Читать книгу Мона Ли. Часть первая - Дарья Гребенщикова - Страница 18

Глава 16

Оглавление

Остановить Эдика Аграновского? Бесполезное занятие. Ровно в 19.30 следующего дня он уже стоял на коврике у двери квартиры Коломийцевых. Пал Палыч впустил его, сухо предложил раздеться и пройти в комнату.

– Обувь можете не снимать, – добавил он очень кстати, – в носке Эдика большим пальцем правой ноги была пробита дыра. Эдик держал за спиной картонную коробку с бисквитным тортом, пластикового пупса с голубым бантом и бутылку Шампанского. – У нас не Новый год, – еще суше заметил Пал Палыч, – прошу вас, садитесь.

Мона Ли была отправлена с бабушкой в детскую – писать прописи. Карандашом.

– Итак? – Пал Палыч был в темно-сером костюме, при белой рубашке и ленинском, в горох, галстуке. Роговая оправа придавала ему несвойственную серьезность – так суров он был только при чтении приговоров, – прошу ваши документы, молодой человек.

– А ваши? – попробовал схамить Эдик, – давайте будем открыты друг перед другом?

– Я полагаю, – Пал Палыч расстегнул верхнюю пуговицу пиджака так, чтобы стал виден жилет и тяжелая золотая цепь от часов, – вам удобнее будет выйти через дверь. Обычным манером, так сказать. Или вас спускают с лестницы? – Эдик бросил на стол книжицу паспорта и «госфильмовское» удостоверение. Пал Палыч прочел, не торопясь. Отметил про себя, что на фото Аграновский выглядит моложе и респектабельнее.

– Убедились? – Эдик улыбнулся, обнажив розовые, детские десны, – я не проходимец, как вам бы хотелось думать. Ну, даете согласие на съемку дочери? – Эдик покосился на старые фотографии, стоявшие в вычурных серебряных рамках. Какие лица, – подумал он, – таких сейчас не делают. Аристократия, черт бы их побрал. Ломается, а сам только и думает, как его дочурка будет красоваться на премьере в Доме фильма. Двуличная личность. Орел двуглавый. – Эдик стал думать, что бы еще обидное сочинить про этого немолодого человека, в котором ощущалось непоколебимая уверенность в себе и презрение к нему, Эдику. Эдик качнулся на стуле, протянул руку к люстре и постучал двухцветной шариковой ручкой по подвеске, – шикарная вещь!
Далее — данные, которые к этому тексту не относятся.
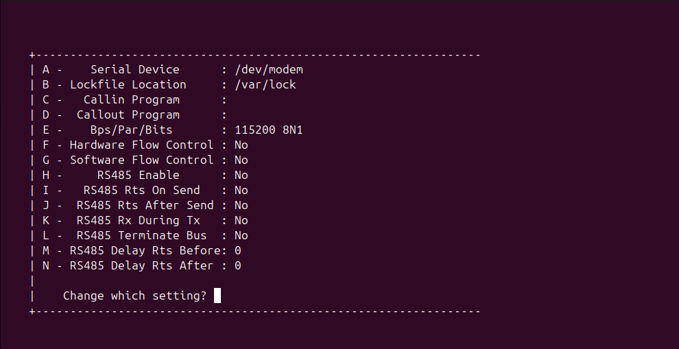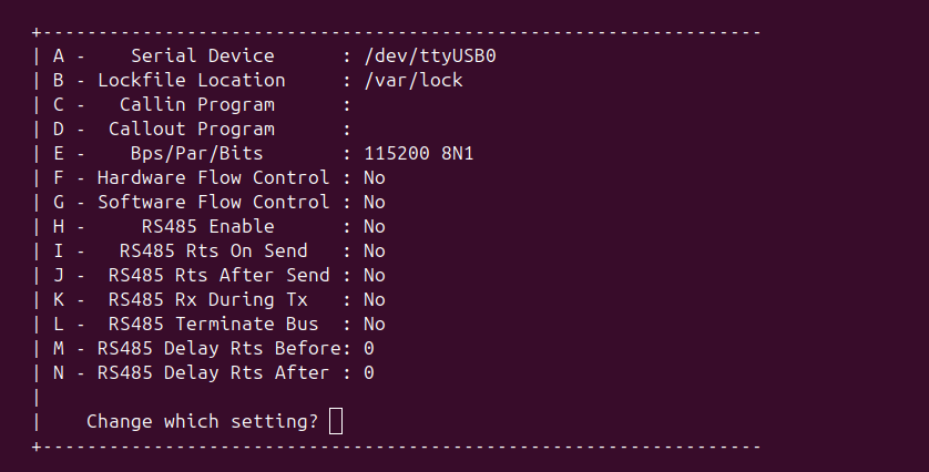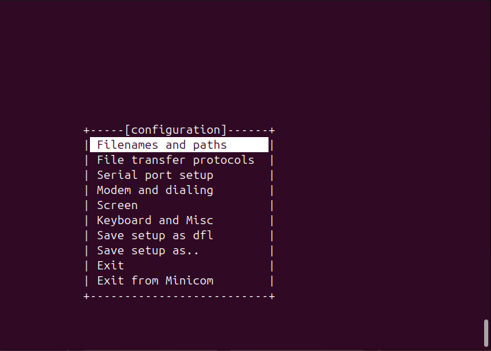 $ sudo minicom -s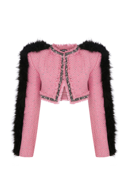 CROPPED TWEED JACKET WITH RHINESTONE AND FAUX FUR TRIMMINGS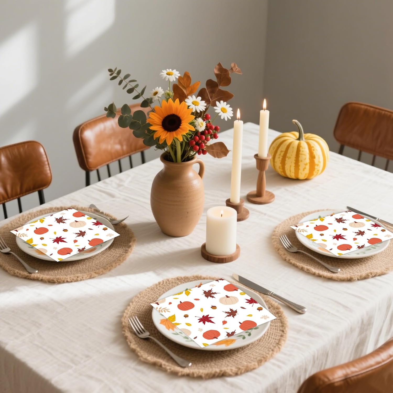 - š¾Versatile Use: These fall-themed napkins are perfect for Thanksgiving dinners, harvest parties, Halloween celebrations, and everyday autumn meals. They also make great additions to weddings, baby showers, and seasonal dĆ©cor, combining functionality with festive charm.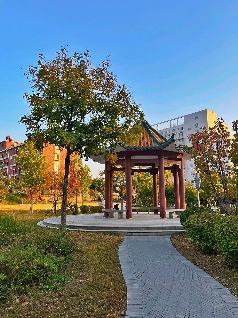 我看着秋天的晚霞,秋天的宿舍楼,秋天所有的美景,都在图书馆学习一整天之后伴着晚风漫渡在我的心海。我爱校园里的秋。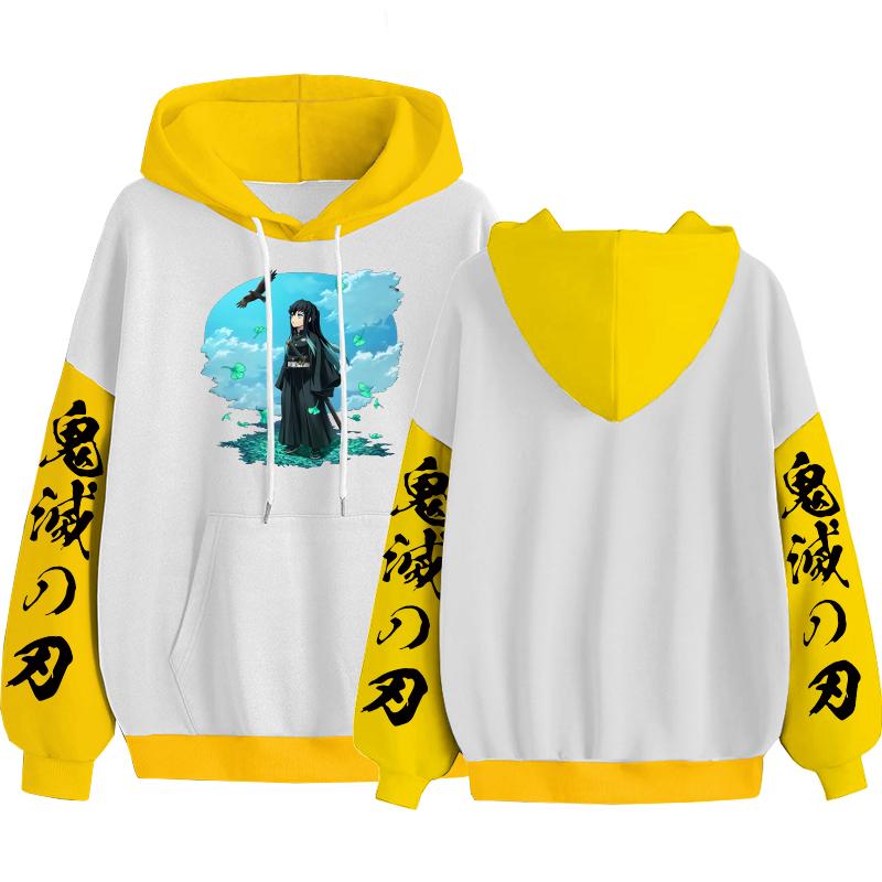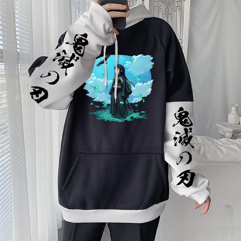 Аниме Tokitou Muichirou Demon Slayer толстовки с принтом Kawaii Trend с принтом и круглым вырезом с капюшоном, зимние теплые удобные толстовки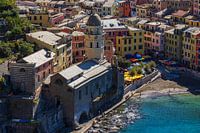 Gezicht op Vernazza aan de Middellandse Zeekust in Italië.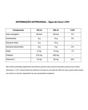 Pureza Autêntica: Aproveite o sabor natural e refrescante da água de coco LYNV, uma fonte rica em nutrientes e eletrólitos, ideal para a saúde de todos.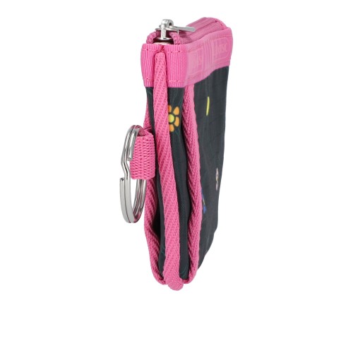 Zip main closure, Exterior front and back open pockets, Metal key ring on side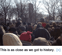 So we did the only thing we could. We waited. We chatted to the other people in line around us. We stomped our feet and practiced our salsa steps and shouted "woo-woo-woo!" and "O-ba-ma!" to stay warm. And as the hours until the ceremony turned into minutes, we hoped and prayed that the huge crowd behind us didn't decide to make a frantic push for the exit.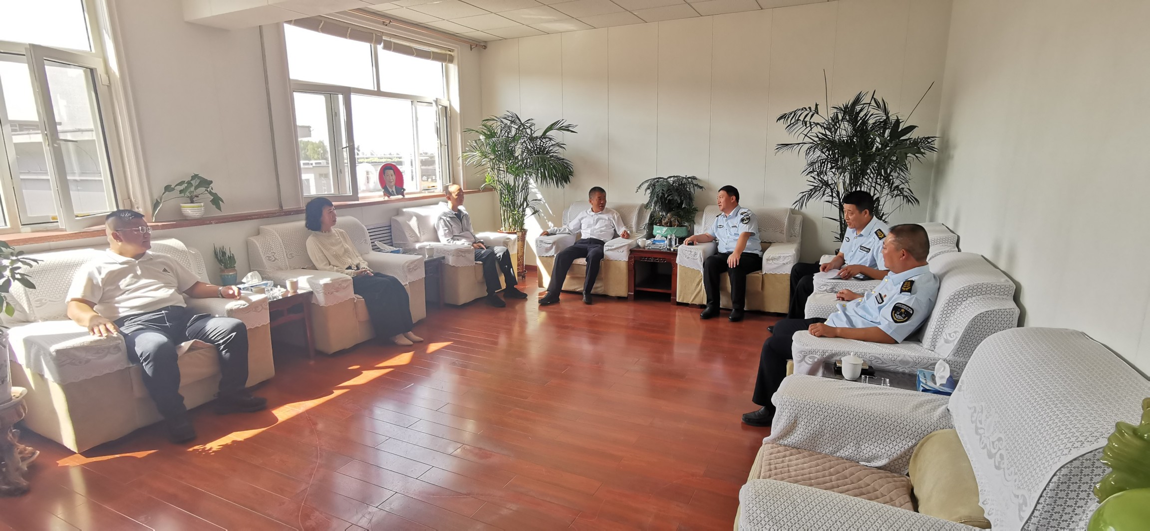 集團公司總經理助理蔡車峰,保安人防公司經理閆文靜等相關負責人參加本次洽談。

– Что? – переспросил Пал Палыч.

– Люстра, – говорю, – шикарная…

– Вы хотите люстру? Купить? – Пал Палыч чувствовал, как дергается жилка на виске – так бывало всегда, когда он ясно ощущал опасность. – Эдуард?

– Можно просто Эдик, – Аграновский еще раз прошелся ручкой по подвескам – они запели нежно, буквально ангельски, – какая слащавая гадость, – подумал про себя Эдик, – итак? Ваши условия? Нонну необходимо будет привезти, – Эдик достал блокнот, зачирикал ручкой, – вот, тут необходимые телефоны и адреса. Как только вы с дочерью будете готовы выехать, или – вылететь, сообщите ЛИЧНО мне. Вам будут оплачены билеты, разумеется, в разумном пределе. Так, у меня с собой фотоаппарат, – Эдик нагнулся за портфелем, – сейчас сделаем снимки – фас-профиль, непринужденную фотку дома, хорошо бы в костюме историческом… ну, это я договорюсь с театром, кстати! Неплохие костюмерные, удивительно даже – для такой дыры.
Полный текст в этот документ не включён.